_Collected data:_

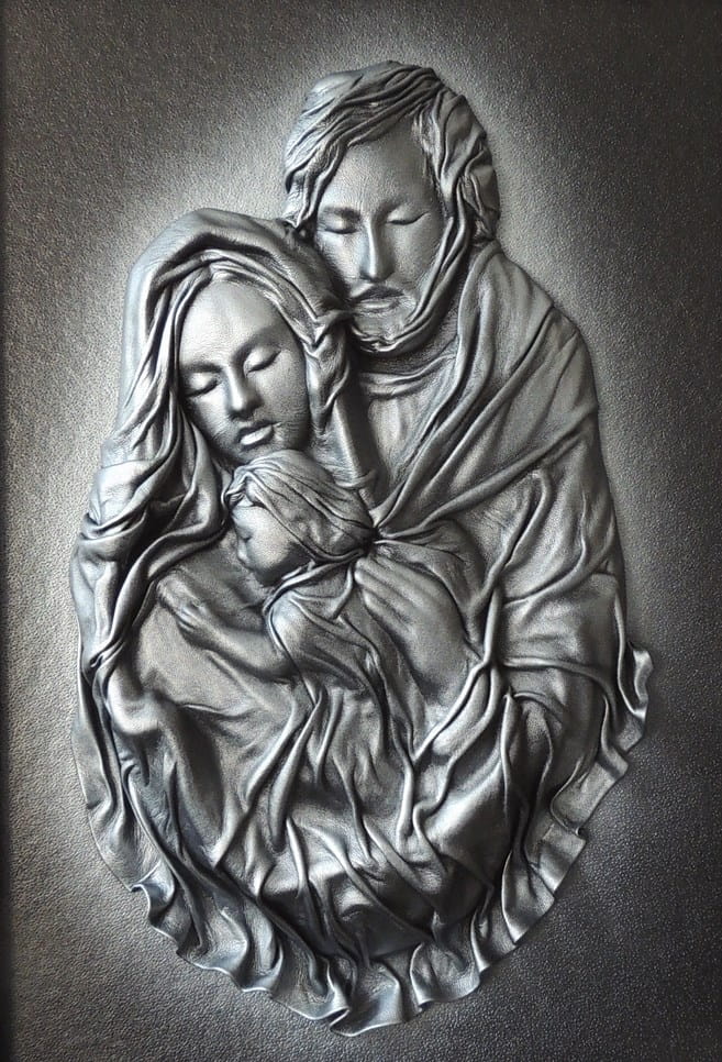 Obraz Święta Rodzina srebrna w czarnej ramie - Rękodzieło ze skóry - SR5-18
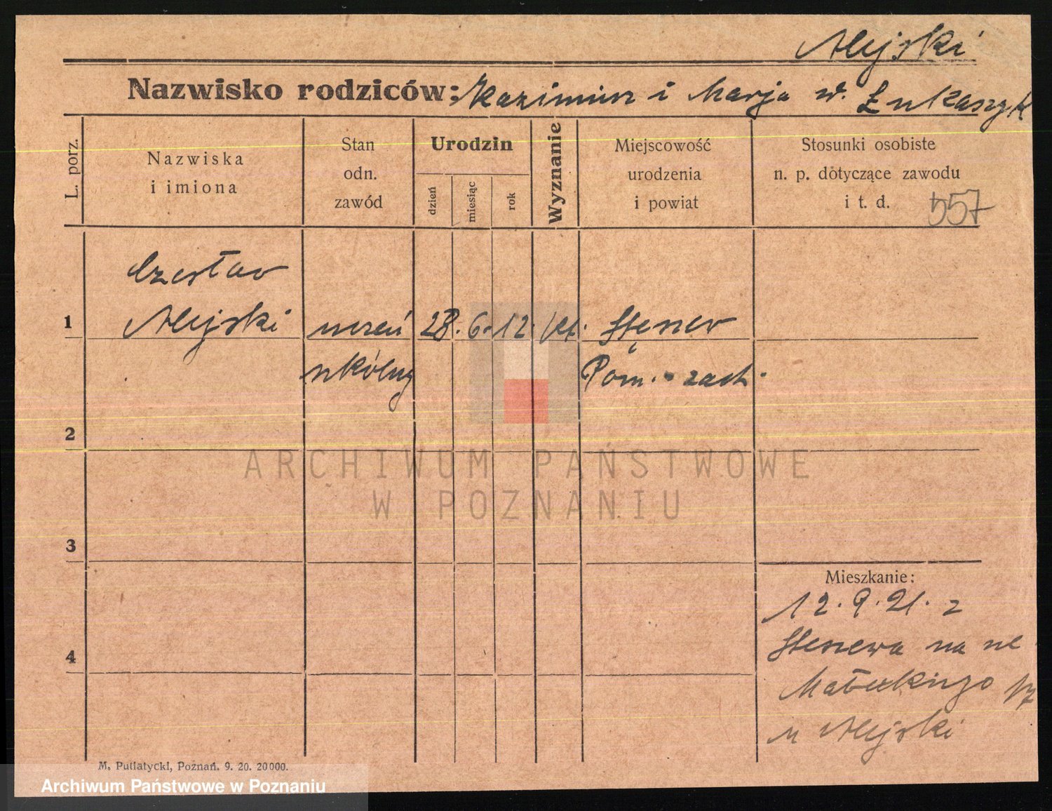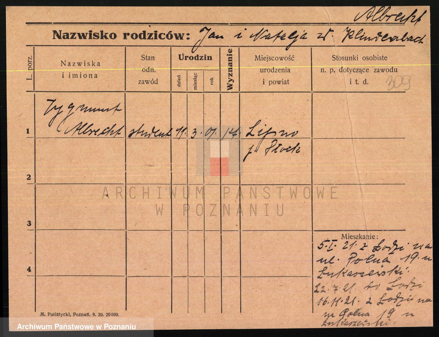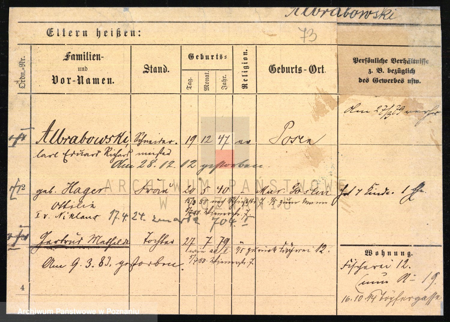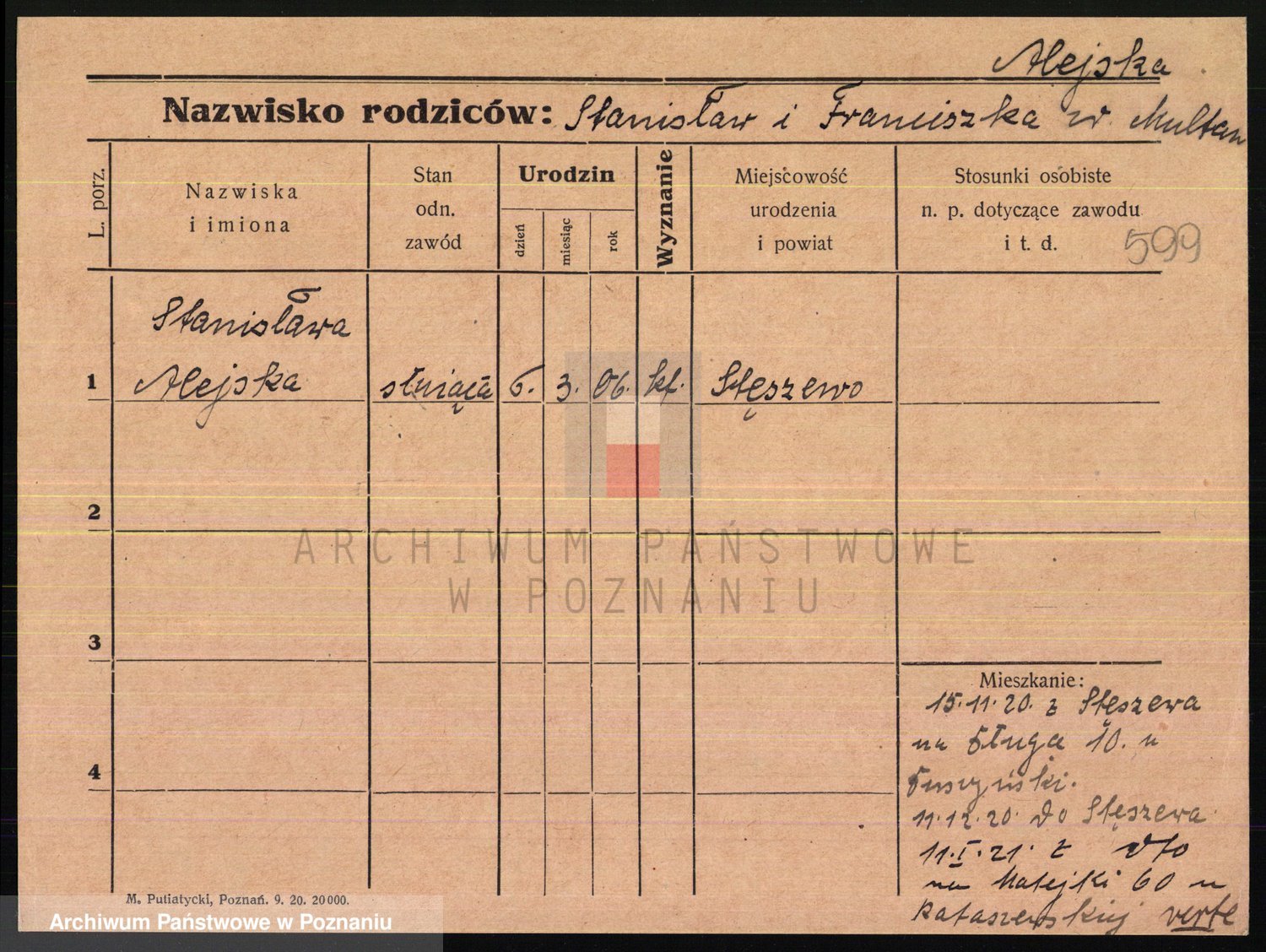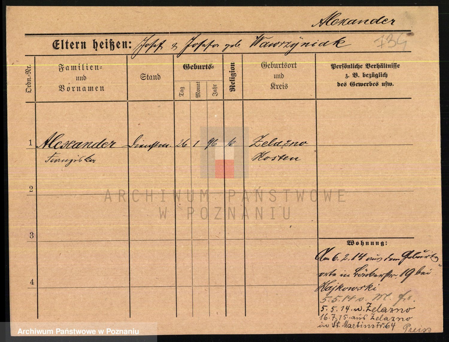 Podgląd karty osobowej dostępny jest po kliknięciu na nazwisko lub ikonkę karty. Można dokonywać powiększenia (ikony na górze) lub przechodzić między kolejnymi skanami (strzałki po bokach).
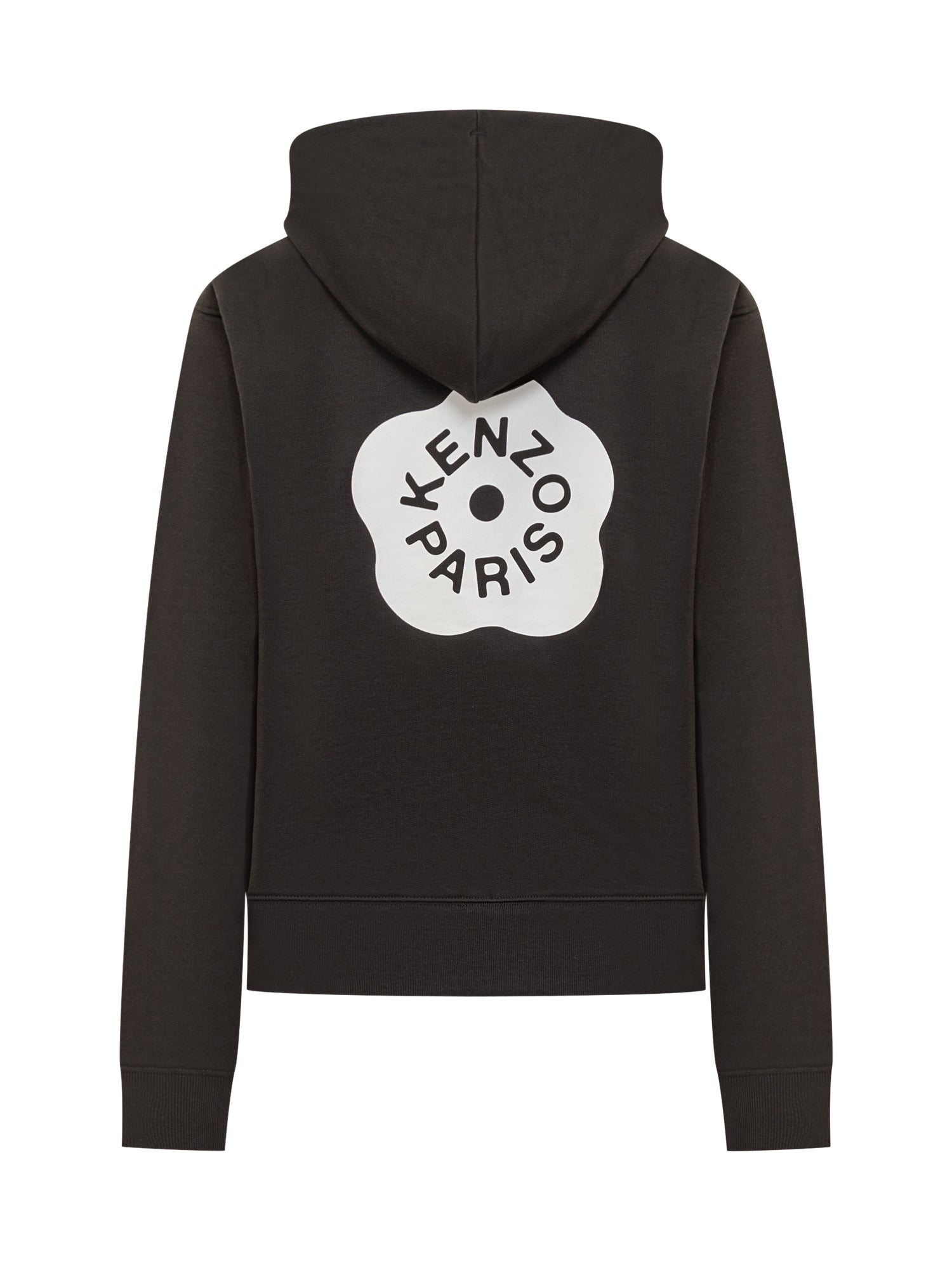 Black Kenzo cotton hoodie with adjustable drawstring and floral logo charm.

_Task item:_
Repeat the material above exactly. Leave every picture out of it.

_Answer space:_
 Obraz Święta Rodzina srebrna w czarnej ramie - Rękodzieło ze skóry - SR5-18
 Podgląd karty osobowej dostępny jest po kliknięciu na nazwisko lub ikonkę karty. Można dokonywać powiększenia (ikony na górze) lub przechodzić między kolejnymi skanami (strzałki po bokach).
 Black Kenzo cotton hoodie with adjustable drawstring and floral logo charm.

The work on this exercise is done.